Directory

Start date:
Early December
End date:
Late January
Locations:
Dry Valleys, Taylor Valley, Wright Valley, Victoria Valley, McKelvey Valley, Garwood Valley, Miers Valley, Marshall Valley, Beacon Valley
Principle Investigator:
Dr Diana Wall
Organisation:
Colorado State University
State
Colorado
Initially funded in 1980, the U.S. Long-Term Ecological Research (LTER) network is a collaborative effort involving more than 1,800 scientists and students. The McMurdo LTER program is an inter-disciplinary and multi-disciplinary study of the aquatic and terrestrial ecosystems in the ice-free McMurdo Dry Valleys. It is one of 26 LTER sites where researchers are studying ecological processes over long temporal and broad spatial scales. Researchers focusing on soils will maintain (through application of water and nutrients), monitor (soil moisture and temperature), and sample in their long-term experimental plots near Lakes Bonney, Fryxell, and Hoare. The project aims to determine the impacts of natural factors and those associated with potential climate change on the abundance, distribution, and diversity of soil biota. This six-year award cycle comprises seven collaborative projects: C-504-M (Gooseff), C-505-M (Priscu), C-506-M (Gooseff), C-507-M (Wall), C-508-M (Barrett), C-509-M (Lyons), and C-511-M (Doran).
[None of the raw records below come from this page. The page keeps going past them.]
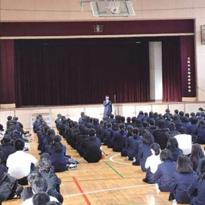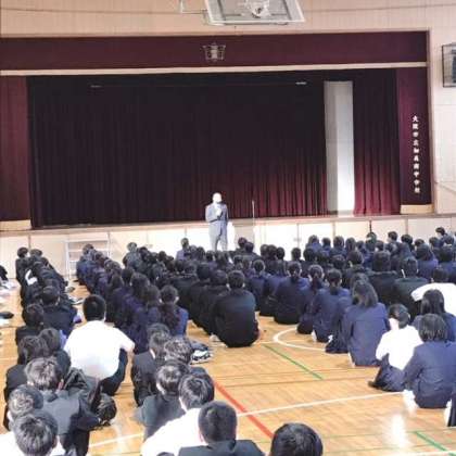 本日の全校集会は、教頭先生の講話と生徒会からの牛乳パック回収作業の連絡がありました。
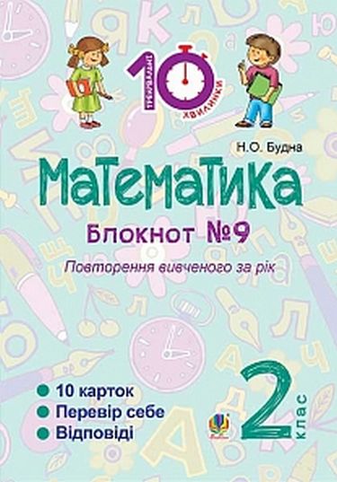 Пропонований посібник входить до серії 9-ти блокнотів «Тренувальні 10-хвилинки», мета яких — закріпити обчислювальні навички та вміння розв’язувати рівняння, нерівності, задачі учнями 2-го класу. Блокнот містить картки з вправами та завданнями, розрахованими на 10-хвилинне виконання, а також підсумковий контроль знань «Перевір себе» з навчальної теми та відповіді для самоперевірки. Посібник зручний у використанні. Працювати з ним можна не лише в школі чи вдома, а й під час подорожі, відпочинку на природі. Для учнів 2-х класів, учителів та дбайливих батьків.
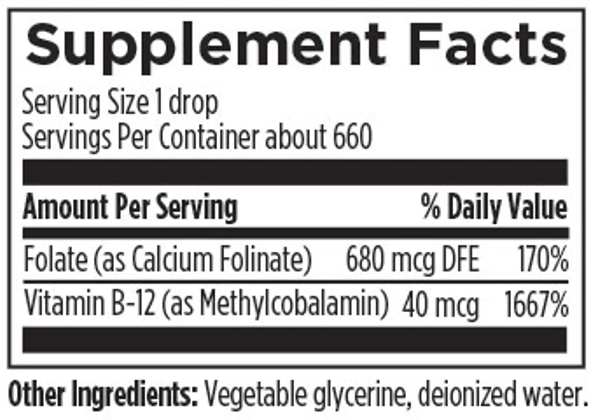 Folate (as Calcium Folinate), Vitamin B-12 (as Methylcobalamin), Vegetable glycerin, deionized water.
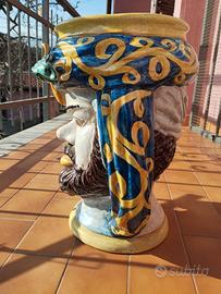 Vendo ceramica a forma di Vaso Testa di Moro . Dimensioni : altezza 37, diametro alla base 20 cm e diametro maggiore 22 cm . Testa di Moro, rappresenta un uomo Africano con turbante sulla testa e il viso barbuto ; effetto Crackle - finitura decorativa che crea un reticolo di sottili fessurazioni sulla superficie smaltata, conferendo un aspetto invecchiato/vintage . Non ci sono ne rotture e ne mancanze. Ottimi colori .
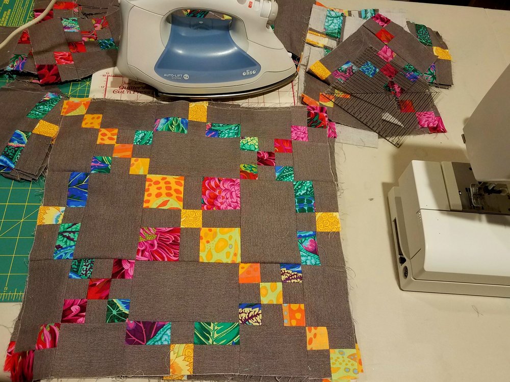 After running errands and taking a nice long walk with Dexter I spent some time at the sewing machine working on my Camper Quilt for Wild Thing. Although fall was not consciously in my mind when I chose the fabrics for this quilt, they quite accurately reflect the colors of the season!
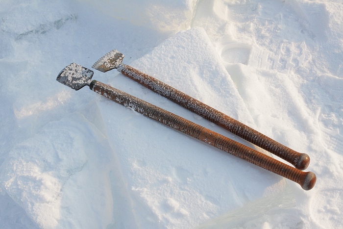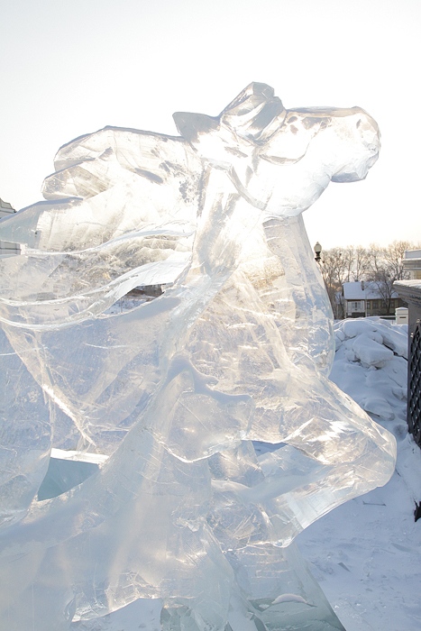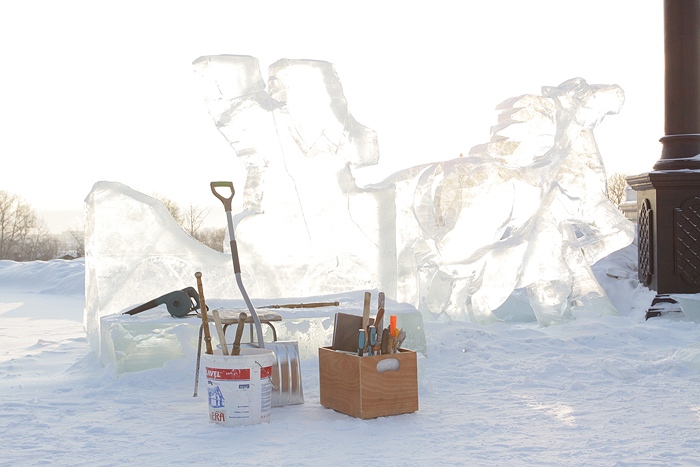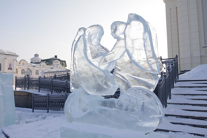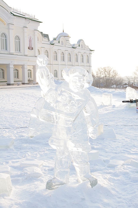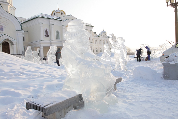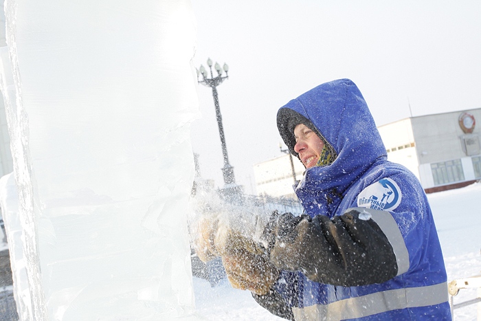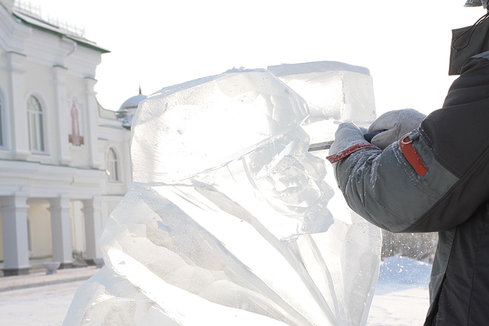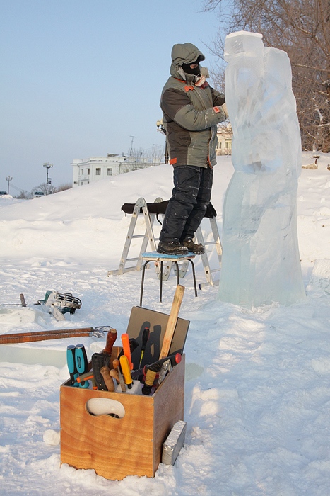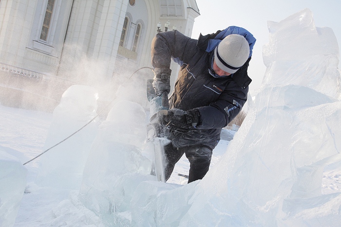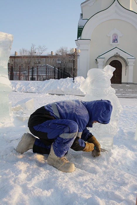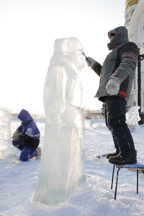 Создание ледовых скульптур возле Спасо-Преображенского кафедрального собора Хабаровска. 31 декабря 2012 г.
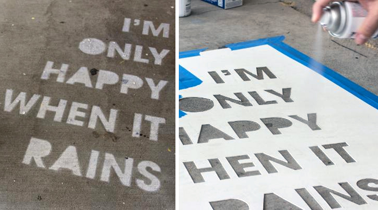 Whether NeverWet used for safety reasons (painting “slippery when wet” outside of your building) or for street art (which comes alive in the rain), the spray can be used on stone, concrete, or even wood, and with a simple stencil pattern, the invisible paint becomes visible in the rain.

Participants will travel by helicopter for brief (one to seven days) trips to the Dry Valleys for monitoring, maintenance and sampling of their long term experiments. They will also collect soil samples to support developing work on the N and P cycles, turnover of organic matter, and moss-soil interactions in the field. They will return to the Crary Laboratory at McMurdo Station for sample processing and initial analysis, as well as to perform incubation assays on selected soils.